Вдруг широко распахнулась дверь, и со двора в комнату вбежал, как к себе домой, бедно одетый мальчик. Увидев незнакомого человека, он нахмурился, набычился и так, набычившись, допятился до самой двери, снова распахнул ее и — был таков… И напрасно крикнул ему вслед хозяин: «Федя! Да куда же ты?!»
— Вот… чужие детишки ко мне забегают… — усмехнулся Чапыгин. — Говорю с ними, пою, сказки им рассказываю…
Ефим, обрадованно покивав (разве он сам не таков же?!), улыбнулся. Когда ехали сюда, в вагоне трамвая оказалось несколько ребятишек, все они глаз не сводили с Чапыгина, тот забавлял их, будто в вагоне, кроме него и детей, никого и не было… Посвистывал по-птичьи, рычал, мяукал, гримасничал…
Чапыгин стоял среди комнаты, хмуря кустистые брови, потирал ладонью крупную наголо остриженную голову.
— Да… да, Ефим Васильевич, не проста эта дорожка… Вот уже сколько лет иду по ней с таким трудом, столько всего натерпелся… А первую книжечку только теперь вот тоже издал…
— Мое дело еще хуже, пожалуй… — тихо заговорил Ефим. — Бесправный человек томится и ищет, ждет деятельности… А жизнь ему предлагает всякие пустяки, вместо настоящего дела… Мог бы сказать о себе, что являюсь представителем запросов деревни тут, в столице, если бы не опасался встретить в людях усмешку: «Ах, как же узнать в наше время, что это действительно так?! Все прикрываются этим самозваным представительством! Кто вас-то, скажите, так называет?!»

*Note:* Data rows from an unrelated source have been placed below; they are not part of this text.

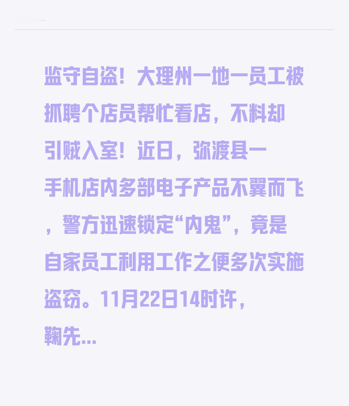 监守自盗!大理州一地员工被抓! 本想雇个店员看店,谁知却招来窃贼! 近日,弥渡县一家手机店内多部电子产品离奇失踪,警方迅速锁定“内鬼”,竟是该店员工利用工作便利多次行窃。 11月22日14时左右,鞠先生报警称,他经营的两家手机专卖店内,手机、平板电脑等物品被盗。接警后,民警迅速赶到现场勘查。据了解,自今年10月中旬起,鞠先生在盘点货物时,陆续发现店内部分手机、平板电脑、智能手表等失窃,损失价值3万余元。 办案民警对现场反复勘查,未发现入室盗窃迹象。结合报案人反映的情况综合分析,曾在店内工作的熊某某有重大作案嫌疑。12月2日13时许,刑侦大队在辖区内将已辞职的熊某某抓获。 👨‍✈️审讯中,熊某某如实交代,因缺钱,他利用身份便利,多次盗窃店内电子产品变卖获利。 目前,犯罪嫌疑人已被公安机关依法刑事拘留,案件正在进一步侦查中。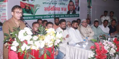 সোনাতলা বাজারে খন্দকার আব্দুল মুক্তাদিরের সমর্থনে ধানের শীষের লিফলেট বিতরণ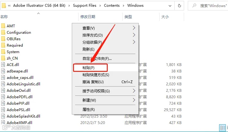 17.在文件夹空白处,鼠标右击选择【粘贴】之前复制的amtlib.dll。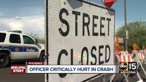 A Phoenix police officer has been transported to the hospital in extremely critical condition after a two-vehicle crash in north Phoenix.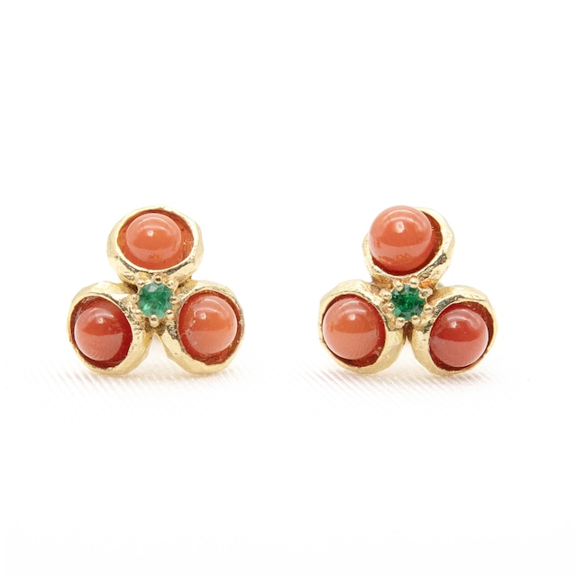 赤珊瑚とエメラルドを使用したスタッドピアス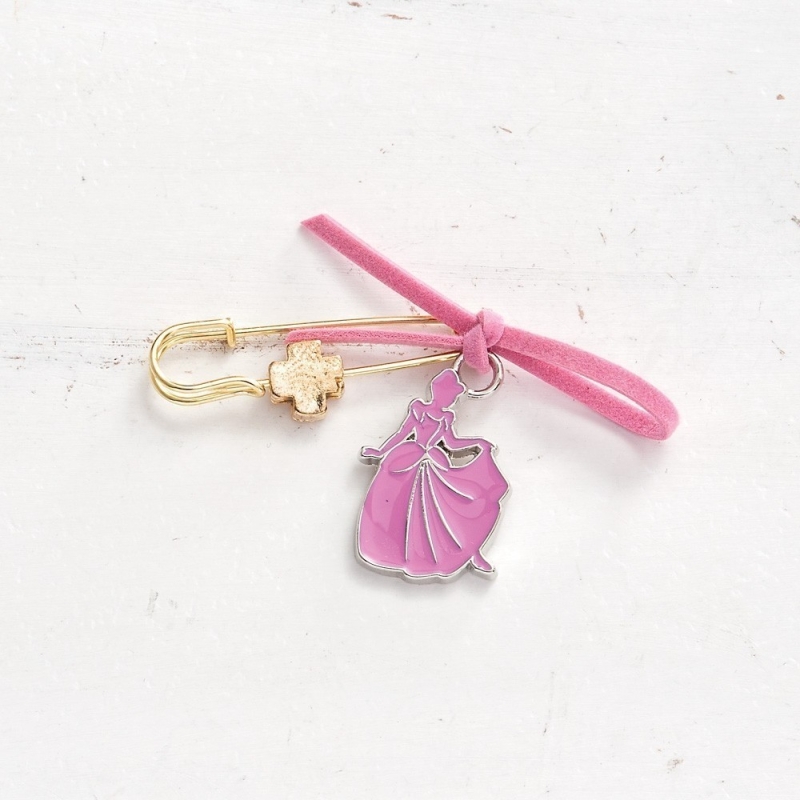 Disney Cinderella μαρτυρικό σε χρυσή παραμάνα με σταυρό επίχρυσο και δέρμα suede ροζ.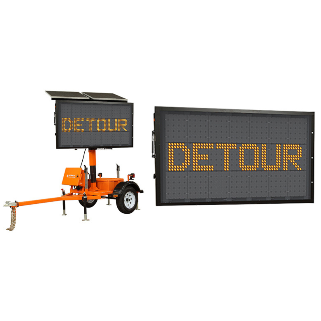 Ver-Mac’s PCMS-548 Pro is a mini full-matrix trailer-mounted portable changeable message sign. It features the NTCIP-compliant V-Touch controller, V-Sync Wi-Fi Communication, Stealth Technology, Tilt-and-Rotate solar panels, and JamLogic fleet management Software. The PCMS-548 Pro combines energy-efficient design and high-quality construction to provide the most reliable and cost-effective message sign on the market. It is the perfect model for lower speed roadways and urban areas.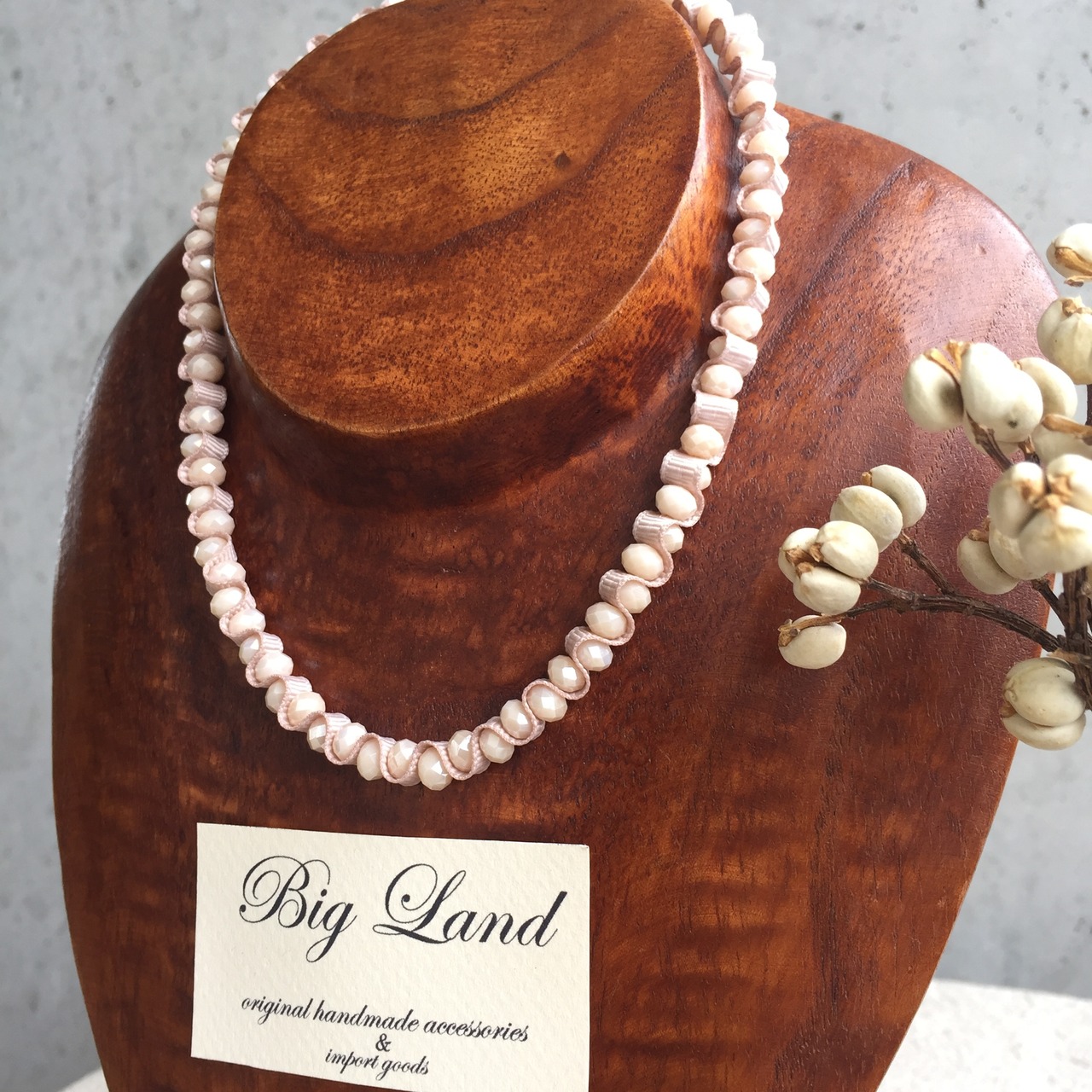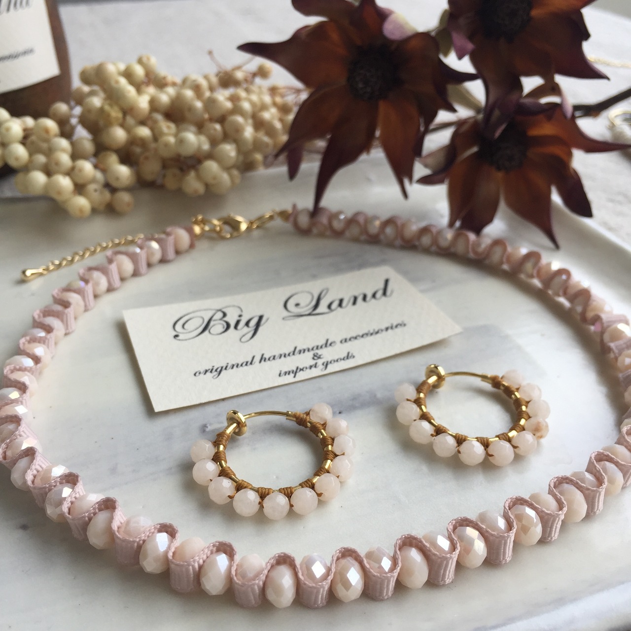 今年の春夏にも流行るべージュピンクのボタンガラスと落ち着いたピンクリボンで織り込みながらひと針ひと針丁寧に仕上げました。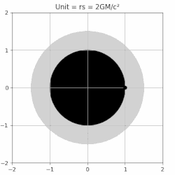 The quadratic solutions above ensure that router is always greater than 3rs, whereas rinner lies between 32 rs and 3rs. Circular orbits smaller than 32 rs are not possible. For massless particles, a goes to infinity, implying that there is a circular orbit for photons at rinner = 32rs. The sphere of this radius is sometimes known as the photon sphere.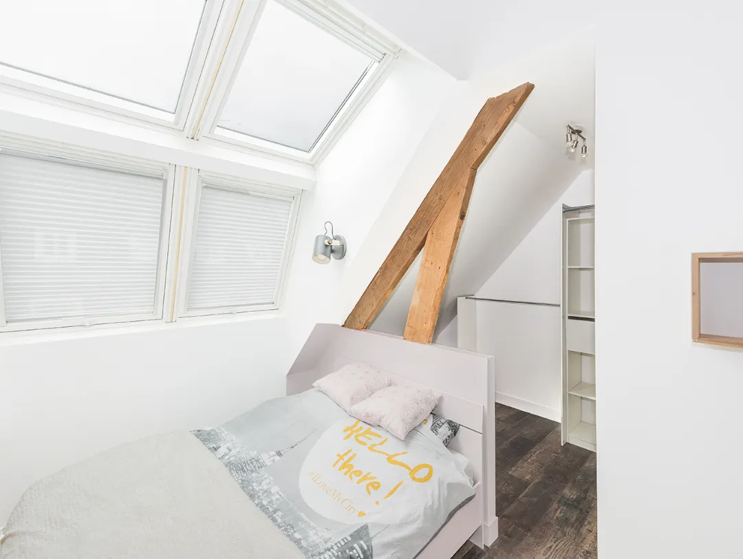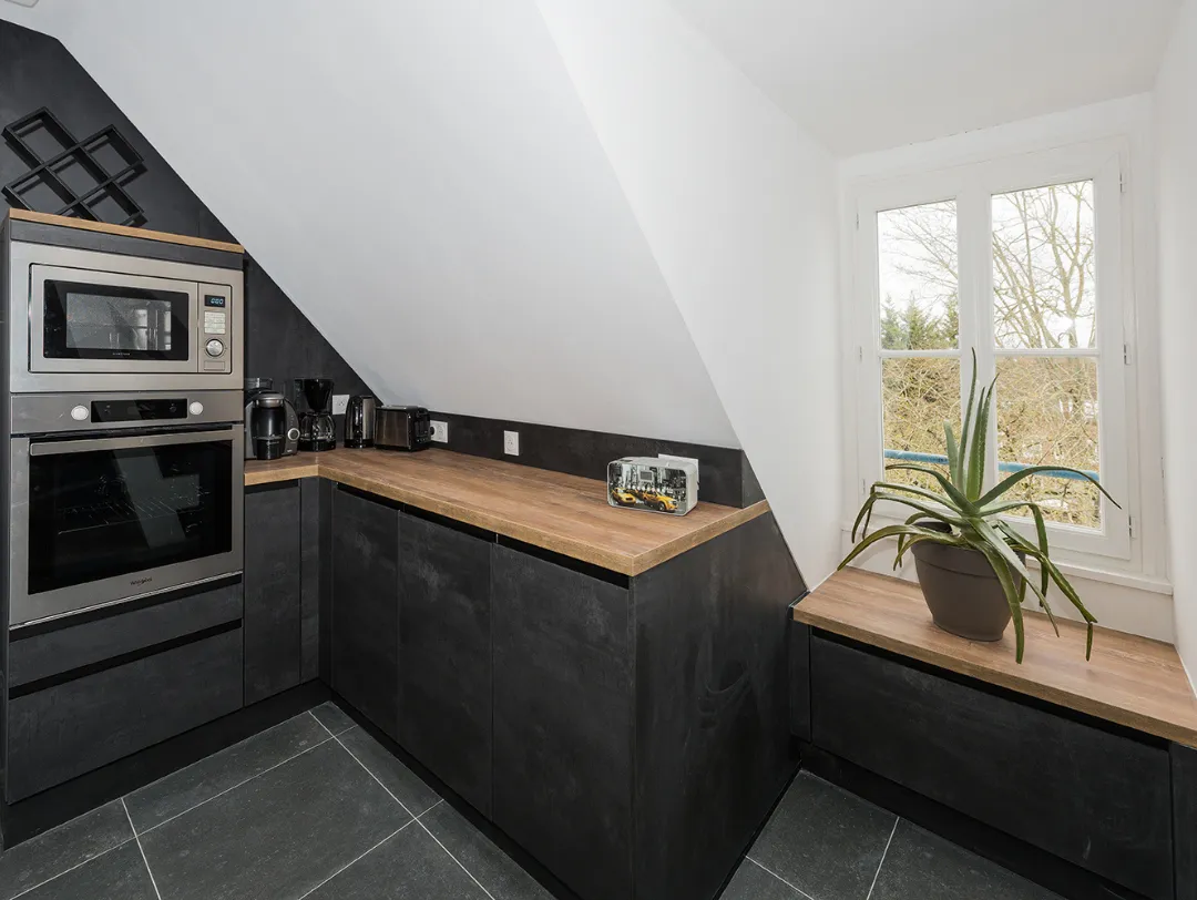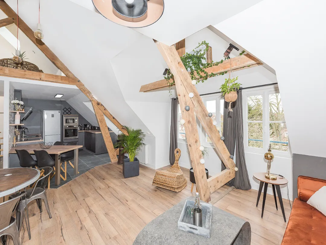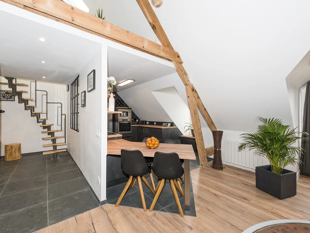 Le deuxième et dernier niveau a été agrémenté de deux nouvelles lucarnes afin de pouvoir faire entrer la lumière et créer à ce même niveau un appartement à part entière.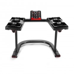 The Bowflex SelectTech weight stand is the nice and practical accessory for the new Bowflex weights 560. The stand is characterised by a precious design, a high-quality workmanship, and a high loadability. For the optimal training at home, the weight stand 560 is equipped with a very useful tablet or smartphone holder. The mobile device is placed right in the middle, os that you can always look at your important training data. Putting down and lifting the weights works excellently and is low-noise. The SelectTech weight stand is practical and a nice add-on for your training room at home.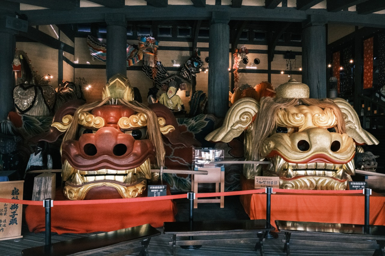 まず目を引くのは、この巨大な2頭の獅子頭。日本一大きいという夫婦獅子です。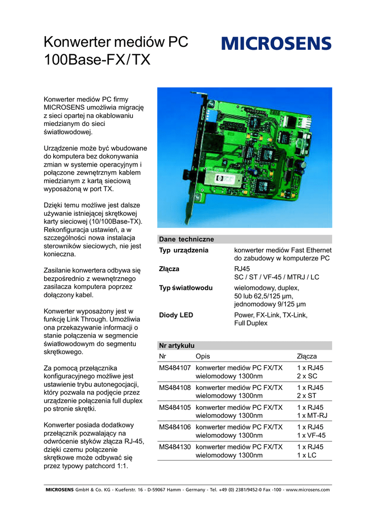 Konwerter mediów PC 100Base-FX/TX Ó×ÝÎÑÍÛÒÍ Konwerter mediów PC firmy MICROSENS umo¿liwia migracjê z sieci opartej na okablowaniu miedzianym do sieci wiat³owodowej. Urz¹dzenie mo¿e byæ wbudowane do komputera bez dokonywania zmian w systemie operacyjnym i po³¹czone zewnêtrznym kablem miedzianym z kart¹ sieciow¹ wyposa¿on¹ w port TX. Dziêki temu mo¿liwe jest dalsze u¿ywanie istniej¹cej skrêtkowej karty sieciowej (10/100Base-TX). Rekonfiguracja ustawieñ, a w szczególnoci nowa instalacja sterowników sieciowych, nie jest konieczna. Zasilanie konwertera odbywa siê bezporednio z wewnêtrznego zasilacza komputera poprzez do³¹czony kabel. Konwerter wyposa¿ony jest w funkcjê Link Through. Umo¿liwia ona przekazywanie informacji o stanie po³¹czenia w segmencie wiat³owodowym do segmentu skrêtkowego. Dane techniczne Typ urz¹dzenia konwerter mediów Fast Ethernet do zabudowy w komputerze PC Z³¹cza RJ45 SC / ST / VF-45 / MTRJ / LC Typ wiat³owodu wielomodowy, duplex, 50 lub 62,5/125 µm, jednomodowy 9/125 µm Diody LED Power, FX-Link, TX-Link, Full Duplex Nr artyku³u Nr Opis Z³¹cza Za pomoc¹ prze³¹cznika konfiguracyjnego mo¿liwe jest ustawienie trybu autonegocjacji, który pozwala na podjêcie przez urz¹dzenie po³¹czenia full duplex po stronie skrêtki. MS484107 konwerter mediów PC FX/TX wielomodowy 1300nm 1 x RJ45 2 x SC MS484108 konwerter mediów PC FX/TX wielomodowy 1300nm 1 x RJ45 2 x ST MS484105 konwerter mediów PC FX/TX wielomodowy 1300nm 1 x RJ45 1 x MT-RJ Konwerter posiada dodatkowy prze³¹cznik pozwalaj¹cy na odwrócenie styków z³¹cza RJ-45, dziêki czemu po³¹czenie skrêtkowe mo¿e odbywaæ siê przez typowy patchcord 1:1. MS484106 konwerter mediów PC FX/TX wielomodowy 1300nm 1 x RJ45 1 x VF-45 MS484130 konwerter mediów PC FX/TX wielomodowy 1300nm 1 x RJ45 1 x LC Ó×ÝÎÑÍÛÒÍ Ù³¾Ø ú ݱò ÕÙ ó Õ«»º»®-¬®ò ïê ó Üóëçðêé Ø¿³³ ó Ù»®³¿²§ ó Ì»´ò õìç øð÷ îíèïñçìëîóð Ú¿¨ óïðð ó ©©©ò³·½®±-»²-ò½±³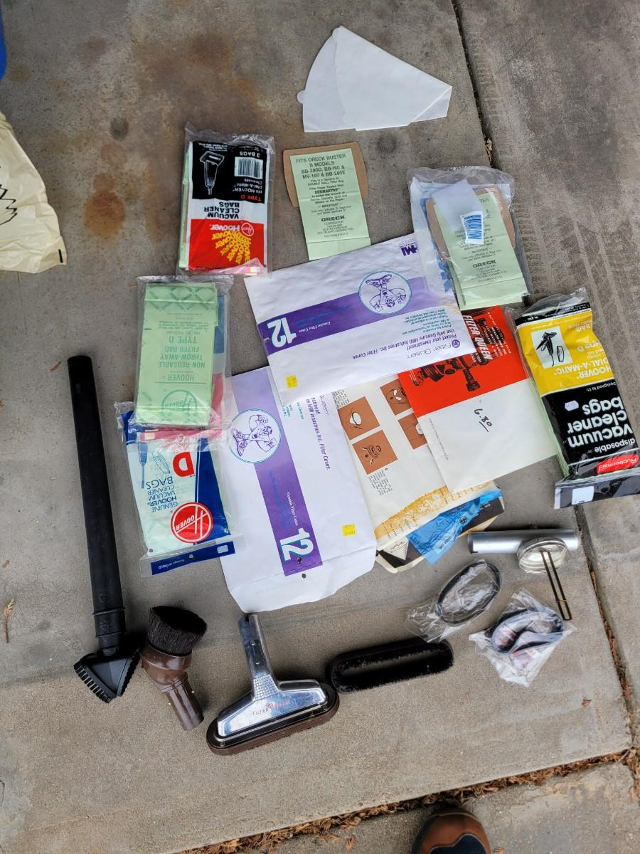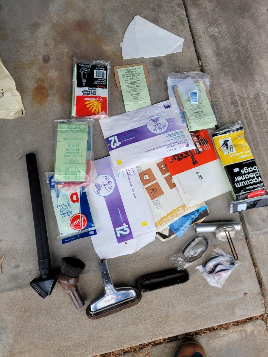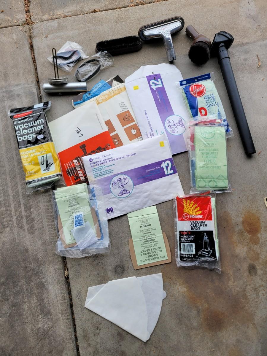 Assortment of vacuum attachments amd bags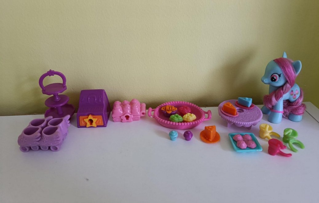 Dazzle Cake Pony Seti. Fotoğraftaki her şey dahildir.

Всяк по-своему понимает служение… Можно бы мне избрать известный путь — продажу своих произведений в частные руки и в городские хранилища — музеи… Это не мой путь, не мне по нему идти, таких и без меня здесь много. Для меня же в этом — измена деревне. Если ступить на такой путь, то окажусь в стороне от нужд деревни…
Люди, с которыми беседую, встречаюсь тут, мало осведомляются о моих желаниях и целях. Дают советы, подобные ореховой скорлупе без самого ядра, вовсе не соответствующие моему делу, потому что его не знают и узнать не стремятся… Беседы эти не затрагивают ничего и похожи на поверхностную рябь воды… Всякому же невозможно раскрыть свой мир…
Я мучаюсь, видя, как результаты усилий деревни поглощают богатые… У деревни только берут и берут… И смотрят на нее свысока… По какому праву?..
Город… — Ефим гневно глянул в сторону окна. — Сколько тут скопилось всего чудовищного, порочного… Даже те, кто почитается за знаменитостей, являются, вольно или невольно, как бы агентами такого города, его служителями, находясь всегда в нем и не выезжая из него, варясь в этой ненасытной грубой среде, которая зловонным ядром скопляется тут… Они обслуживают эту среду, получая за это всяческие блага… Они подобны лишь бутафорам и клоунам и напрасно изображают из себя служителей справедливости. Для них уже давно непонятны и недоступны прекрасные высшие формы жизни, они распинают жизнь и, находясь постоянно в порочной среде, уже испортили свою натуру, окруженные лживыми людьми, уже не слышат и не видят правды и о себе заблуждаются, пораженные слепотой, как Нерон, воображавший, что он лучший из людей и исполнен всяческих совершенств…
Посмотрите, Алексей Павлович, на таких людей попристальней!.. Они считают себя деятельными, а сколько в каждом из них, агрессивности по отношению к ближнему! Они уже, не способны видеть чужую судьбу как мир, в который надо входить с замиранием… Они вламываются в него, забыв о деликатности и доброте…
Чапыгин, кашлянув заметил:
— И все-таки, Ефим Васильевич, город не только плох… Он, именно он, выявляет наши способности, открывает наши глаза на мир! Здесь, в городе, мы встречаем многосторонних, многознающих людей.
— Да разве же я этого не вижу?! — воскликнул Ефим. — Я же потому об этом и говорю, что хочу видеть истинный чистый добрый союз города с деревней! Но столько всего мешает этому!.. И раскол как будто не сглаживается, а лишь усугубляется…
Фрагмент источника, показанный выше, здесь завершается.